• [Problem statement] Reproduce, with no changes, the line that contains "该团队根据前期发表于《Surface & Coatings" and all the lines that come after it in the records.
++++++++++++++++++++
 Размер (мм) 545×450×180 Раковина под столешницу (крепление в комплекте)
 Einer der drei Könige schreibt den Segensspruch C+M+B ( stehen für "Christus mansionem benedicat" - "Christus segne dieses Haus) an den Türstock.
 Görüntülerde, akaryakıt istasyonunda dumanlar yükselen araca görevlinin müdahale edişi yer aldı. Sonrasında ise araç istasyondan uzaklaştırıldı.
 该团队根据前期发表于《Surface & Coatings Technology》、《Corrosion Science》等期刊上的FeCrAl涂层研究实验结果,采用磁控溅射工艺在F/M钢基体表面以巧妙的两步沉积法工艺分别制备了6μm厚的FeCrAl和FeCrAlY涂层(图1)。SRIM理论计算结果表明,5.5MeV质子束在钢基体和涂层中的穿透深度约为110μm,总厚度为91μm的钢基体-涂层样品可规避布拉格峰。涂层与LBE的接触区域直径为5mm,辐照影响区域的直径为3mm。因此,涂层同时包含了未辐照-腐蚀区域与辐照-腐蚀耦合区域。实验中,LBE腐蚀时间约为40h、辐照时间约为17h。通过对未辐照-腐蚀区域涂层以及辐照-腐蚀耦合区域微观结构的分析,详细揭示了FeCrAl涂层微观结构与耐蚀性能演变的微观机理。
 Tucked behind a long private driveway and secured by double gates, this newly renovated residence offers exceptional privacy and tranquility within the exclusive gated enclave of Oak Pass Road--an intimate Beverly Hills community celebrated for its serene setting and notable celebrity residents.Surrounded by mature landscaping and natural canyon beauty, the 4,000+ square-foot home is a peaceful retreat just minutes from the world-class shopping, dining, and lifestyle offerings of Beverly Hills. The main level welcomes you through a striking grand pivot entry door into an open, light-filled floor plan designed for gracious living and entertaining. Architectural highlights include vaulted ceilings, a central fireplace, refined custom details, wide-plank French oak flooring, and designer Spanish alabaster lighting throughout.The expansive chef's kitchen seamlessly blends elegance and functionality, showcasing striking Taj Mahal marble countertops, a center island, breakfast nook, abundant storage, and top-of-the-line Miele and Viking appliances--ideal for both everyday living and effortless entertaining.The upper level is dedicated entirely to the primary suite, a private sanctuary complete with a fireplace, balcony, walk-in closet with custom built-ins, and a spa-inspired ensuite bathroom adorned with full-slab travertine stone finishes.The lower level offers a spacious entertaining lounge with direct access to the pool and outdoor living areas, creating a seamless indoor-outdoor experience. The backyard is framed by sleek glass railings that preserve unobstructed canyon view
++++++++++++++++++++
• [Result]
 该团队根据前期发表于《Surface & Coatings Technology》、《Corrosion Science》等期刊上的FeCrAl涂层研究实验结果,采用磁控溅射工艺在F/M钢基体表面以巧妙的两步沉积法工艺分别制备了6μm厚的FeCrAl和FeCrAlY涂层(图1)。SRIM理论计算结果表明,5.5MeV质子束在钢基体和涂层中的穿透深度约为110μm,总厚度为91μm的钢基体-涂层样品可规避布拉格峰。涂层与LBE的接触区域直径为5mm,辐照影响区域的直径为3mm。因此,涂层同时包含了未辐照-腐蚀区域与辐照-腐蚀耦合区域。实验中,LBE腐蚀时间约为40h、辐照时间约为17h。通过对未辐照-腐蚀区域涂层以及辐照-腐蚀耦合区域微观结构的分析,详细揭示了FeCrAl涂层微观结构与耐蚀性能演变的微观机理。
 Tucked behind a long private driveway and secured by double gates, this newly renovated residence offers exceptional privacy and tranquility within the exclusive gated enclave of Oak Pass Road--an intimate Beverly Hills community celebrated for its serene setting and notable celebrity residents.Surrounded by mature landscaping and natural canyon beauty, the 4,000+ square-foot home is a peaceful retreat just minutes from the world-class shopping, dining, and lifestyle offerings of Beverly Hills. The main level welcomes you through a striking grand pivot entry door into an open, light-filled floor plan designed for gracious living and entertaining. Architectural highlights include vaulted ceilings, a central fireplace, refined custom details, wide-plank French oak flooring, and designer Spanish alabaster lighting throughout.The expansive chef's kitchen seamlessly blends elegance and functionality, showcasing striking Taj Mahal marble countertops, a center island, breakfast nook, abundant storage, and top-of-the-line Miele and Viking appliances--ideal for both everyday living and effortless entertaining.The upper level is dedicated entirely to the primary suite, a private sanctuary complete with a fireplace, balcony, walk-in closet with custom built-ins, and a spa-inspired ensuite bathroom adorned with full-slab travertine stone finishes.The lower level offers a spacious entertaining lounge with direct access to the pool and outdoor living areas, creating a seamless indoor-outdoor experience. The backyard is framed by sleek glass railings that preserve unobstructed canyon view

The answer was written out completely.